- Denny P. Hadley House
- U.S. National Register of Historic Places
- Location: Off US 31/Franklin Rd. S of Brentwood, Brentwood, Tennessee
- Coordinates: 35°58′52″N 86°49′19″W﻿ / ﻿35.981°N 86.822°W
- Area: 3.7 acres (1.5 ha)
- Built: c. 1840 and c. 1920
- Architect: Asa Vaughn
- Architectural style: Central passage plan
- MPS: Williamson County MRA
- NRHP reference No.: 88000283
- Added to NRHP: April 14, 1988

= Denny P. Hadley House =

Historic house in Tennessee, United States

The Denny P. Hadley House is a house in Brentwood, Tennessee, United States, that dates from c.1840 and that was listed on the National Register of Historic Places in 1988. It has also been known as Green Pastures and as Hadleywood.

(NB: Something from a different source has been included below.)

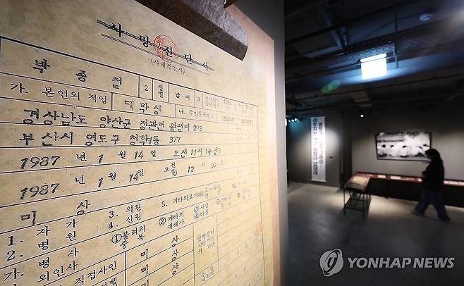 (서울=연합뉴스) 이진욱 기자 = 1970-80년대 국가 폭력의 상징이었던 남영동 대공분실이 민주화운동기념관으로 재탄생한다. 민주화운동기념사업회(이사장 이재오)는 오는 6월 10일 민주항쟁 38주년을 맞아 정부 기념식과 함께 기념관 개관식을 개최할 예정이다. 사진은 20일 민주화운동기념관에 전시된 박종철 고문치사 사건 관련 문서. 2025.5.21

The structure is a two-story brick central passage plan house and other architecture. The house was considered notable as an example of brick ante-bellum central passage plan residence. When listed, the property included three contributing buildings and three non-contributing structures on an area of 3.7 acre.

Denny Porterfield Hadley was born in 1797 and moved to Williamson County in 1808. In 1821, Hadley married Elizabeth Smith, and they were gifted 200 acres of land by her father. Around 1840, the Hadleys hired builder Asa Vaugn to build the house, with most construction materials coming from their farm. During the Civil War, the house was used several times as a campsite by both armies.

The NRHP-eligibility of the property was covered in a 1988 study of Williamson County historical resources.